What is expected: An exact copy of the data is required, with no pictures in it.

Stored data:

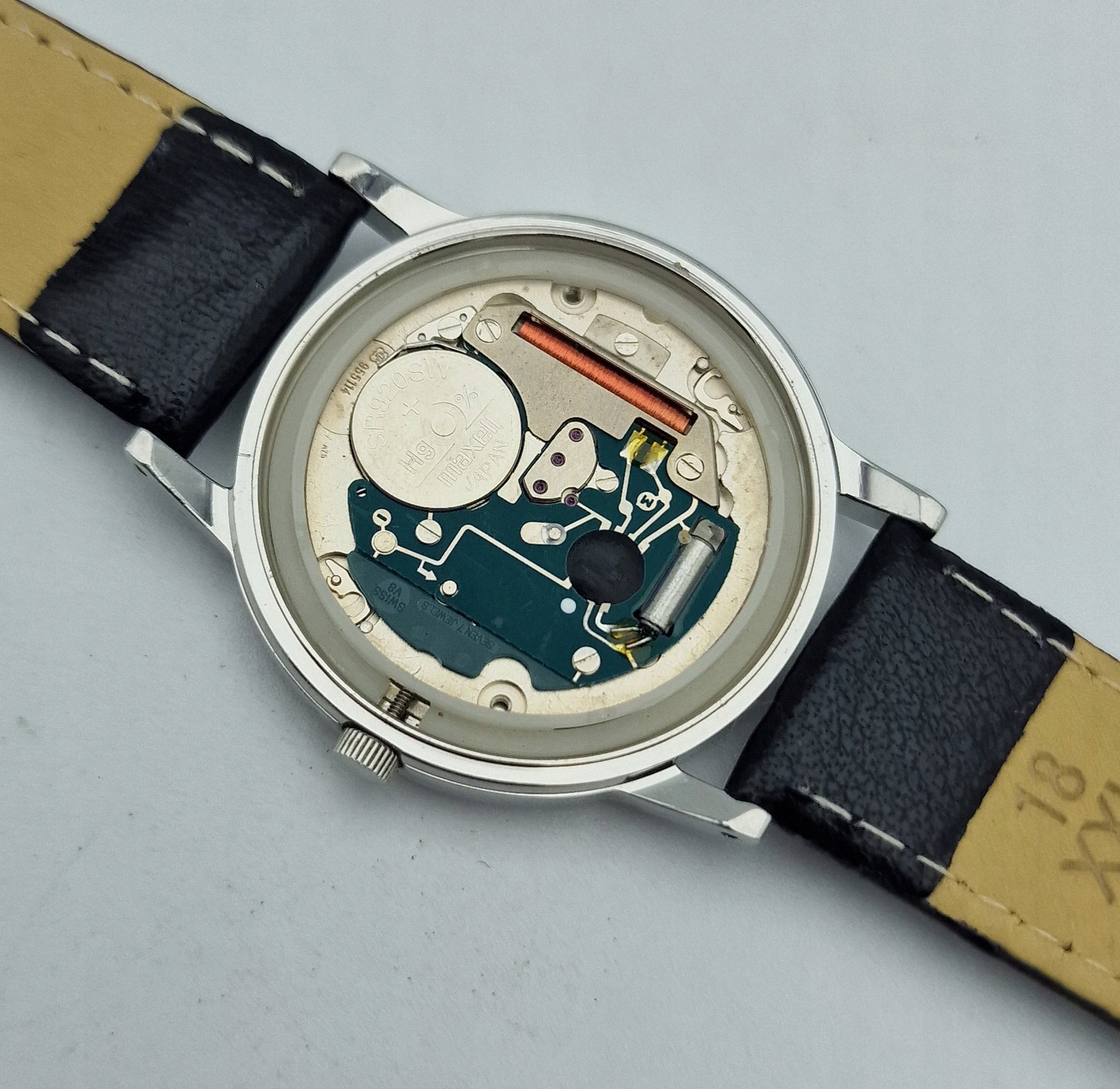 - Швейцарський механізм годинника " ETA 955.114" з кварцовим приводом. Механізм на доброму та пунктуальному прогулянці, у відмінному стані. Він має нову батарею, тому покупець має близько 2 років миру.
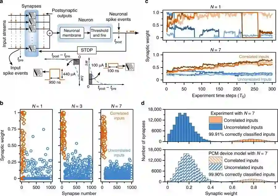 b.在实验结束时,显示了由N = 1、3和7个PCM设备组成的突触权重。可以看出,接受相关输入的突触的权重往往大于接受不相关输入的突触的权重。随着N的增加,权重分布更加清晰。
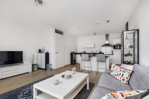 Op de begane grond van het complex bevindt zich de gezamenlijke entree met toegang tot de brievenbussen, bergingen, trappenhuis en lift. Aangekomen op de vijfde verdieping, komt u binnen in de hal met toilet, moderne meterkast, kast met aansluiting voor stadsverwarming en een handige extra gangkast. De hal biedt toegang tot alle vertrekken. De twee slaapkamers (290x490 en 220x380) en de ruime L-vormige woonkamer met open keuken hebben alle drie een glazen schuifpui tot aan de grond en grenzen aan het zonnige balkon op het Zuiden. Door de glazen schuifpui voelen de ruimtes zeer licht en ruimtelijk aan. De moderne keuken met kookeiland is voorzien van koel-/vriescombinatie, kookplaat, afzuigkap, oven en vaatwasmachine. De badkamer is betegeld met antracietkleurige vloertegels en witte wand betegeling. De badkamer is voorzien van een goede zeer ruimte inloopdouche, wasmeubel met wasbak en kraan en wasmachine en droger. De woning is opgeleverd in 2016, geheel volgens de nieuwbouwnormen gebouwd, met hoge deurposten, volledig geïsoleerd en verwarming en warm water via het stadsverwarmingsnet.

Response to this task:
 - Швейцарський механізм годинника " ETA 955.114" з кварцовим приводом. Механізм на доброму та пунктуальному прогулянці, у відмінному стані. Він має нову батарею, тому покупець має близько 2 років миру.
 b.在实验结束时,显示了由N = 1、3和7个PCM设备组成的突触权重。可以看出,接受相关输入的突触的权重往往大于接受不相关输入的突触的权重。随着N的增加,权重分布更加清晰。
 Op de begane grond van het complex bevindt zich de gezamenlijke entree met toegang tot de brievenbussen, bergingen, trappenhuis en lift. Aangekomen op de vijfde verdieping, komt u binnen in de hal met toilet, moderne meterkast, kast met aansluiting voor stadsverwarming en een handige extra gangkast. De hal biedt toegang tot alle vertrekken. De twee slaapkamers (290x490 en 220x380) en de ruime L-vormige woonkamer met open keuken hebben alle drie een glazen schuifpui tot aan de grond en grenzen aan het zonnige balkon op het Zuiden. Door de glazen schuifpui voelen de ruimtes zeer licht en ruimtelijk aan. De moderne keuken met kookeiland is voorzien van koel-/vriescombinatie, kookplaat, afzuigkap, oven en vaatwasmachine. De badkamer is betegeld met antracietkleurige vloertegels en witte wand betegeling. De badkamer is voorzien van een goede zeer ruimte inloopdouche, wasmeubel met wasbak en kraan en wasmachine en droger. De woning is opgeleverd in 2016, geheel volgens de nieuwbouwnormen gebouwd, met hoge deurposten, volledig geïsoleerd en verwarming en warm water via het stadsverwarmingsnet.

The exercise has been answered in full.